From: D. E s s e r <torx@mail.joimail.com>

Agence France Presse
Wed Feb 4, 9:58 PM ET

WASHINGTON (AFP) - Haitian President Jean Bertrand Aristide again
said he would finish his term, despite escalating demands for his
resignation.

"I will leave here on February 7, 2006," Aristide told CNN. "People
must respect that principle, one man, one vote."

Aristide's opponents say he stole the 2000 election that returned him
to power. International observers also said the polls were flawed,
leaving the Caribbean nation locked in political crisis.

Protests against Aristide have turned increasingly violent since
September, with clashes among rival demonstrators and gunfights by
gangs who back the president.

On Wednesday, five anti-Aristide students were arrested in
demonstrations that police tried to quell with tear gas and warning
shots fired in the air.

Student demonstrators were shouting slogans hostile to the president
when counter demonstrators from Aristide's Lavals Party hurled
bottles and rocks at them, according to an AFP journalist.
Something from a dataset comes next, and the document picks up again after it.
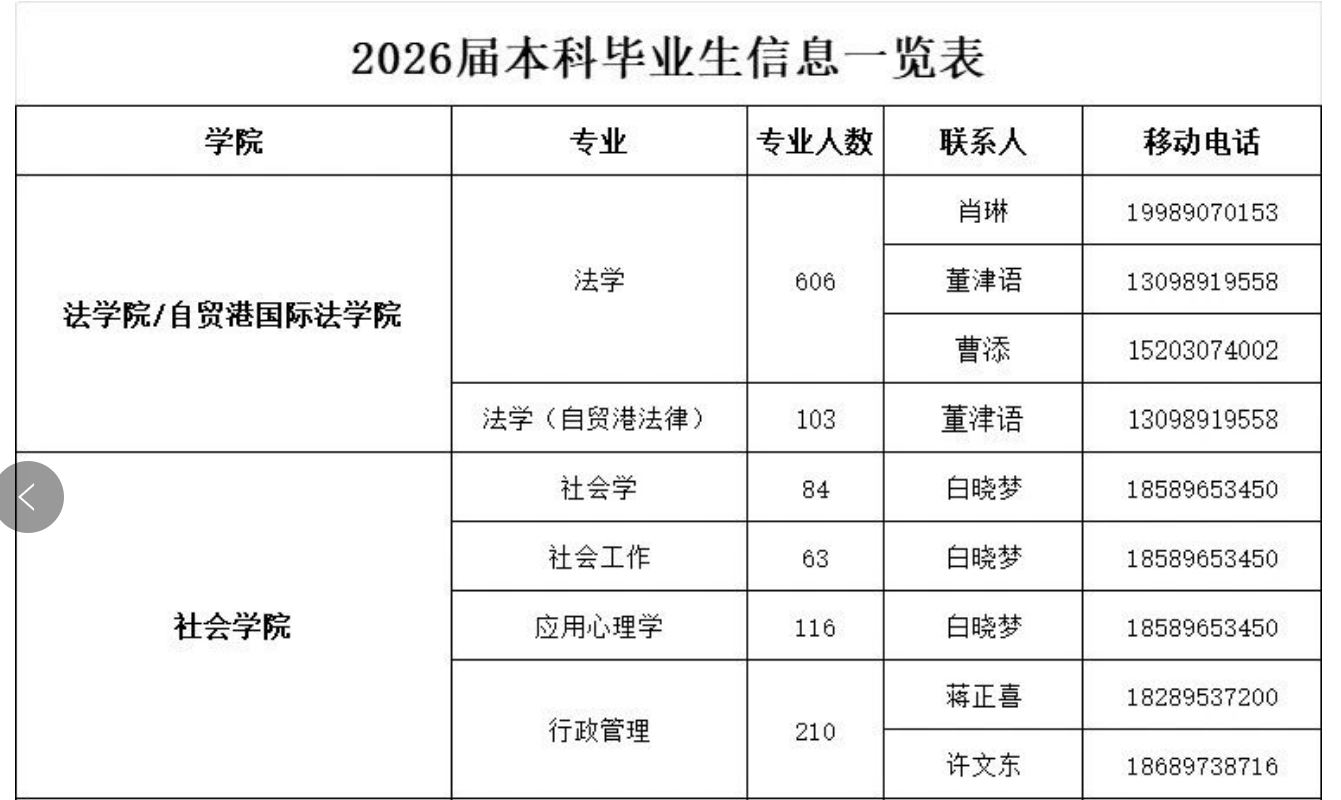 2026届毕业生信息一览表

The students responded by throwing back projectiles.

There were no reported injuries.

Aristide insisted he did not support the armed gangs that routinely
attack opposition marches.

"Not only we don't support them, we cannot support them. We are
building a state of law. How could we let thugs, gangs moving ahead
with weapons in their hands," he said.

"We have to help the police, because the police has to be more
professionalized. And the police of course has to protect all those
who want to demonstrate in a peaceful way."

Aristide, a former Catholic priest, was first elected president in
1990, but eight months after taking office he was overthrown in a
bloody military coup.

The United States sent 20,000 troops to Haiti in 1994 to bring
Aristide back to power. He stepped down after his first five-year
term, and was re-elected in 2000.

Legislative elections were supposed to be held last year, but no
electoral body was set up to oversee the polls, leaving the nation
without a functioning legislature.

Aristide now rules by decree, but has promised elections within six
months. The opposition has rejected his proposal as inadequate.